Task details:
Output exactly, and only, the lines below from the one with "A agência espacial" down to the one with "Besonders erfreulich ist, dass". Include both end lines and no pictures.

Records for this exercise:
□ □ □ □ □
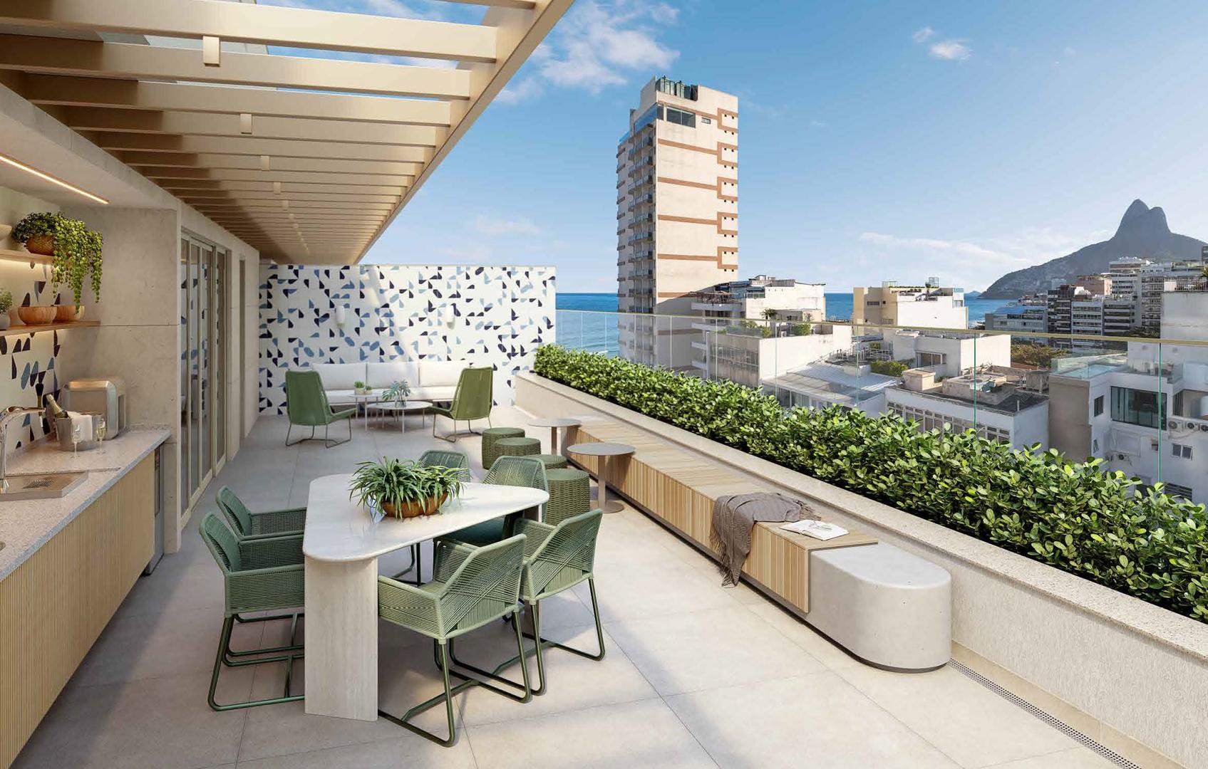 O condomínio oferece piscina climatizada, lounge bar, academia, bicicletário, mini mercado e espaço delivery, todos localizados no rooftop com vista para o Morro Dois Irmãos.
□ □ □ □ □
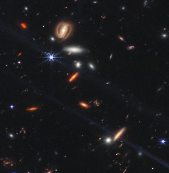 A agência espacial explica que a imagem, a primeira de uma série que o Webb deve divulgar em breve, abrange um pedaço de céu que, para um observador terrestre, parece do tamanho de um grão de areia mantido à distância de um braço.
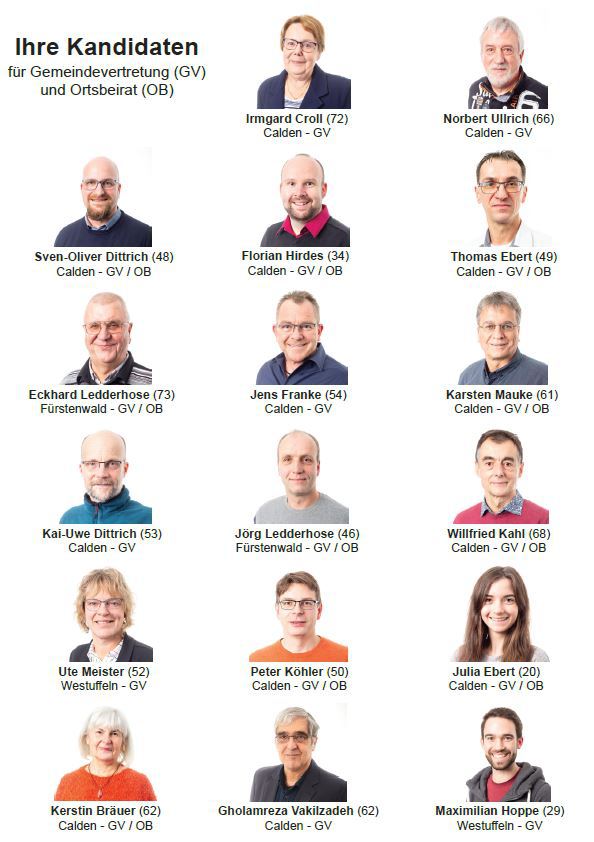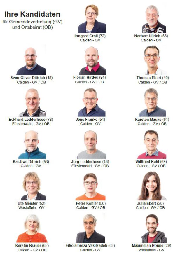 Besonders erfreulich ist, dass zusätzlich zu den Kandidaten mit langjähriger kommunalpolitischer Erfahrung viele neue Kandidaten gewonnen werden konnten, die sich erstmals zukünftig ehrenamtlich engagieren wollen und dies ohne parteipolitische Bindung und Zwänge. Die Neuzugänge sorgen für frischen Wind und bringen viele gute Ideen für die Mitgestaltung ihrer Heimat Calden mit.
□ □ □ □ □
Exercise result:
 A agência espacial explica que a imagem, a primeira de uma série que o Webb deve divulgar em breve, abrange um pedaço de céu que, para um observador terrestre, parece do tamanho de um grão de areia mantido à distância de um braço.
 Besonders erfreulich ist, dass zusätzlich zu den Kandidaten mit langjähriger kommunalpolitischer Erfahrung viele neue Kandidaten gewonnen werden konnten, die sich erstmals zukünftig ehrenamtlich engagieren wollen und dies ohne parteipolitische Bindung und Zwänge. Die Neuzugänge sorgen für frischen Wind und bringen viele gute Ideen für die Mitgestaltung ihrer Heimat Calden mit.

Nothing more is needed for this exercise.